Atualmente continua a verificar-se o desenvolvimento de investigações direcionadas ao estudo da emoção e da expressão facial e as suas implicações e aplicações nos diferentes contextos sociais (Freitas-Magalhães, 2011).
Existem diferentes instrumentos de avaliação da expressão emocional, sendo que, o método de pesquisa escolhido deve ser apropriado à questão abordada. As abordagens mais utilizadas no estudo do comportamento facial são três, sendo que duas delas englobam métodos de medição específicos (sistemas eletrofisiológicos e sistemas de codificação objetivos) e a terceira é efetuada através do julgamento do observador (Rosenberg & Ekman, 2002).

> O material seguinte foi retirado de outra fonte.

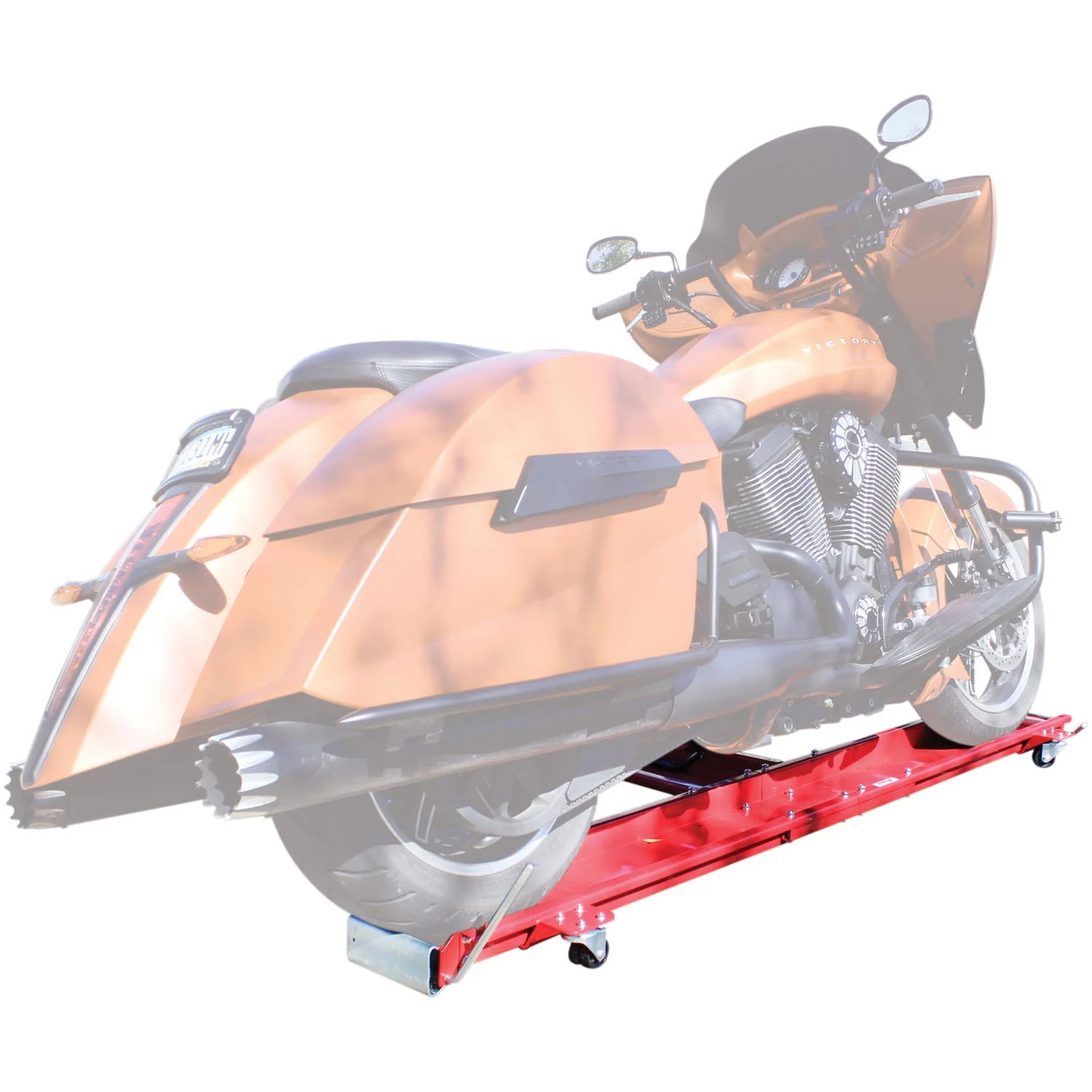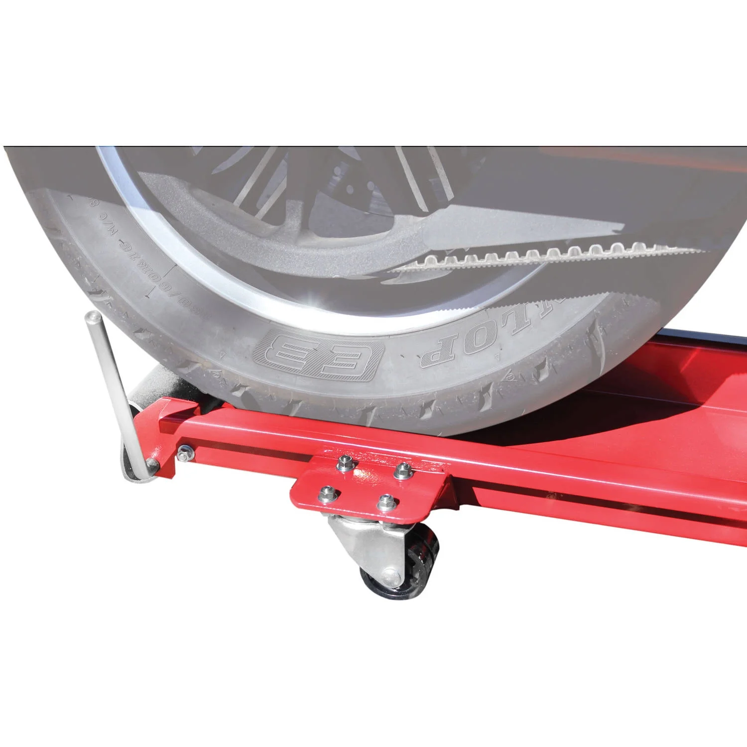 The Extreme Max Motorcycle Dolly is the perfect way to store your motorcycle and save space in your garage while you do so. Holding up to 1,250 pounds, the low-profile dolly allows the rider to roll their motorcycle straight on or off with minimal effort. Once on, unlock the caster wheels to freely glide the dolly anywhere in you garage. Stop pins at each and of the dolly chock the wheels and the side tray adjusts to fit kickstands on any standard-sized motorcycle.

Se num determinado estudo se pretende analisar uma questão relacionada com a estrutura facial, deve recorrer-se a um método que forneça uma medição o mais direta e objetiva possível do comportamento facial. A escolha entre a eletromiografia (EMG) e um sistema de codificação objetivo aqui é determinada pelo tempo, despesas, pertinência, e disponibilidade de equipamentos e especialização. Por outro lado, se o estudo se baseia na informação facial disponível para os outros, então deve-se utilizar um método de julgamento, respeitando a validade ecológica dos dados (Wagner, 1997).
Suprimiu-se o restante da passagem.